In 1996 Slow Food organised the first Salone del Gusto, a biannual food and wine Expo that brought together food artisans from all over the world in Turin. In 2004 the Salone gained a new dimension in the form of Terra Madre, a gathering aimed at giving a voice to those often marginalised in the global food system.
Speaking about the need for Terra Madre, Petrini stressed the importance of food education in a post-industrial society where the transmission of knowledge from generation to generation is no longer physical, and of considering the act of eating as both an agricultural and a political gesture. An environmentalist who isn’t a gastronome is sad; a gastronome who isn’t an environmentalist is foolish, he would say.
Later, Petrini would express the same dedication to Orti in Africa, a network cultivating thousands of sustainable community gardens across the African continent, to Slow Food projects in Mexico, to his role as UN special ambassador for Zero Hunger in Europe, and to the challenge to GM foods.

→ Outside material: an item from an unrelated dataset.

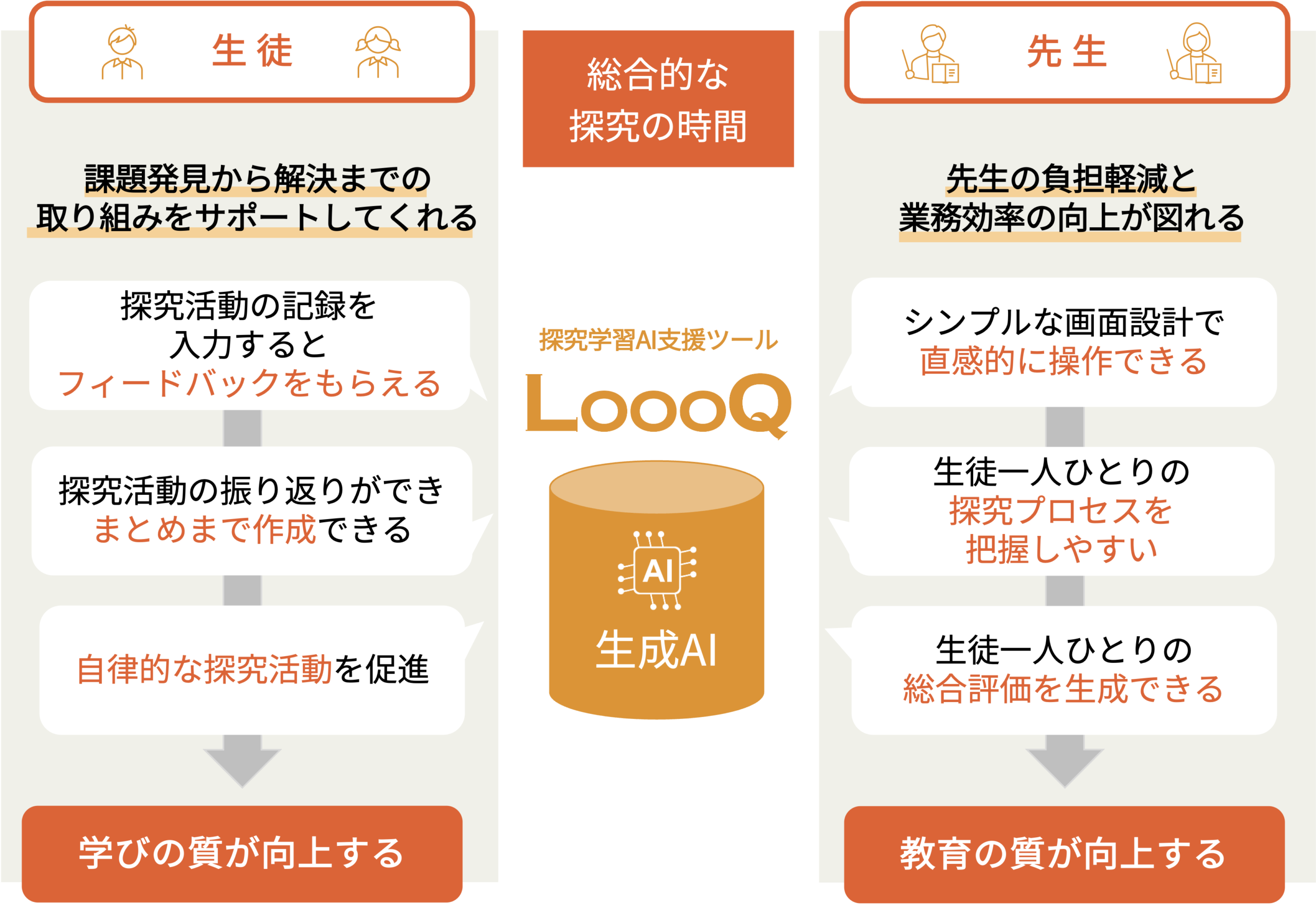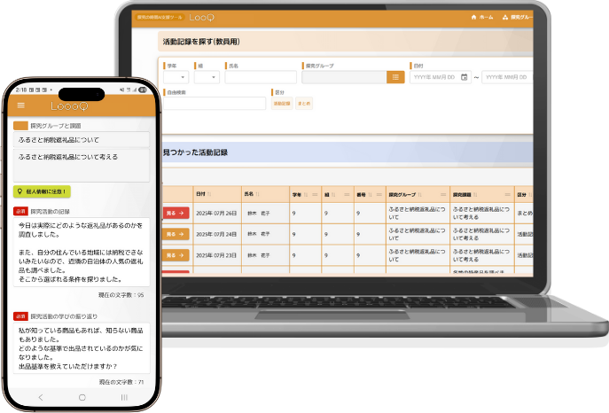 LoooQは、そんな先生方の校務負担の軽減や業務の効率化を実現するとともに、生徒一人ひとりの自律的な探究活動を促進し、教育の充実を一層図ることを目的とした製品です。

In 2004 education was placed firmly at the centre of Slow Food with the creation of the University of Gastronomic Sciences in Pollenzo, near Bra, the first academic institution in the world to offer an interdisciplinary approach to food studies, an achievement Petrini acknowledged as being a particular source of pride.
Since its founding, 5,000 students from 100 countries have graduated and are now scattered across the world, young people carrying ideas forward and planting – “those who sow utopia, reap reality”, said Petrini. Not least among them is Edward Mukiibi, a tropical agronomist from Uganda, who succeeded Petrini as the president of Slow Food.
A diagnosis of prostate cancer followed Petrini’s decision to step aside from that role in 2022, but he continued to travel in order to listen and communicate about food, always returning to his home in Bra, where he lived with his younger sister, Chiara, who survives him.
He also continued to write, adding to his dozens of published books, which included A Taste for Change (2023), with the economist Gaël Giraud, and Terrafutura (2020), in which Petrini addressed some of the most problematic aspects of our time in dialogue with Pope Francis, with whom he shared friendship and respect, a sense of humour, and hope for a world in which everyone has food that is good, clean and fair.